Inheritance tax payable on donations to UKIP

Case Reviews » November 9, 2018

inheritance tax payable on ukip donations

This is an industry-specific update on particular tax reviews or cases which may affect your clients. We hope the below is informative, clear and actionable.

IHT Payable on UKIP Donations

Transfers of value (gifts or donations) made to organisations and companies are chargeable to lifetime IHT unless the organisation is exempt.  Exempt organisations include charities and political parties.


Arron Banks was one of the largest donors to UKIP. In 2014/15 Banks, and companies he controlled, made donations totalling £976,781 to that organisation. HMRC raised an assessment on these donations for IHT of £162,945. This was on the basis that UKIP was not a political party as defined under IHTA 1984 s24 at the time the donations were made.

 The provisions only cover donations to a political party that, at the last election preceding the transfer of value had 

  • At least 2 MPs or
  • One seat and
  • 150,000 votes

UKIP was a registered political party under the Registration of Political Parties  Act 1998 and at the time of the donation was widely represented on local councils. But it did not meet the criteria set out above and as such no IHT relief was due. 

 The taxpayer appealed the IHT due saying that it was a breach of his European Human Rights and a breach of EU law – as it amounted to discrimination due to his political opinion. 

Who is affected 

This will affect anyone making donations to newly formed political parties and is a reminder to check the status of all exempt entities prior to transfers of values. 


Ahead of transfers to organisations ensure advice is sought on the availability of IHT relief if the organisation is newly set up. This includes charities who may not yet have registered as charities.

More Info
You can find the full case here

The taxation of trusts: a review

HMRC have launched a consultation setting out the principles the government believes should underpin the taxation of trusts 


HMRC are responding to the Autumn 17 budget to understand how to make the taxation of trusts simpler, fairer and more transparent.  At this stage the government is no making specific proposals for reform. They want to ensure that trust taxation does not produce unfair outcomes and that trust structures do no facilitate tax avoidance or evasion. Reading through the consultation it seems the focus is Non UK trusts being used Vs UK trusts. 

Who is affected

Most likely this will impact non Residents and non doms looking to hold UK assets via an offshore trust 


Be mindful of setting up any offshore trusts without caveating this review 


Clearly explain what the tax implications could be in the future. Ensure all reasons for setting up offshores trust are documented (eg to retain control of money/property etc).

 More Info  

You can find the government consultation here.

BPR Relief allowed on Livery Business

The Upper Tier Tax Tribunal have denied HMRCs appeal that BPR should be disallowed on a livery business 


Business Property Relief is one of the most valuable IHT reliefs. It applies to a business which is not an investment business. Any business consisting mainly of letting of land is considered an investment business.

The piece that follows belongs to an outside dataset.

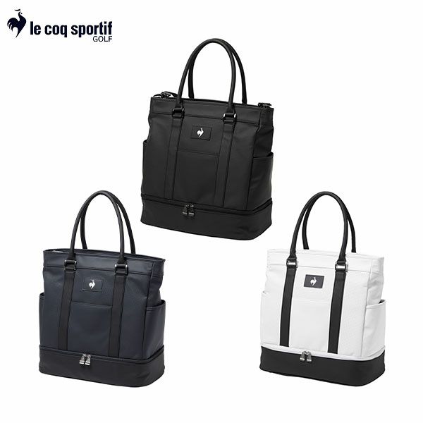 二層式のトート型ボストンバッグ。ルコックスポルティフゴルフの定番商品で、多くの支持を受けているロングセラーアイテムがアップデート。バッグ本体の両サイドには、多くのお客様から要望を頂いていたポケットを追加。スマートフォンやペットボトルなど、簡易的に収納できるスペースがプラスオン。下部ポケットはシューズを収納するために大きく開閉。本体は、合成皮革素材にパンチング加工を施し、細かい穴が開いた表面感が特徴。ショルダー付属。

This case involved Mrs Vigne who died in 2013. She owned 30 acres of land and ran a small livery business on the land. Horses could graze on the land for spring, summer & autumn (it was closed in winter as there were no stables on the land). Her executors claimed BPR on the land. HMRC denied the claim and said the business consisted of the letting of land. The executors appealed to the First Tier Tribunal (FTT). The FTT found in favour of the taxpayer and allowed BPR.

Looking at the business in the round, they concluded that the enhanced services, which were valuable to the horse owners, meant that the business was offering “significantly more than the mere right to occupy a particular parcel of land”.

  • Mrs Vigne was clearly running a business
  • She provided services such as daily horse health checks
  • She was not operating on making or holding of investments

HMRC appealed to the Upper Tier Tribunal (UTT).  They reviewed the case but did not allow the appeal. They said ‘there is no clear line between businesses which qualify for the relief and those that do not’.

Who is affected 

This is a win for the taxpayers and combined with the recent Graham Case (more next month) indicates that where there is a true service being provided that BPR will be allowed.


It is unknown whether HMRC will take this to Court of Appeal. If they do then this case could be overturned. Additionally this claim was originally made in 2013 and it is now 5 years later and it could still potentially be going through the courts.


If your clients own a land or property letting business and think BPR may be applicable for them ensure a tax adviser completes a review of the business. They should keep all diaries and evidence of all the services they are providing.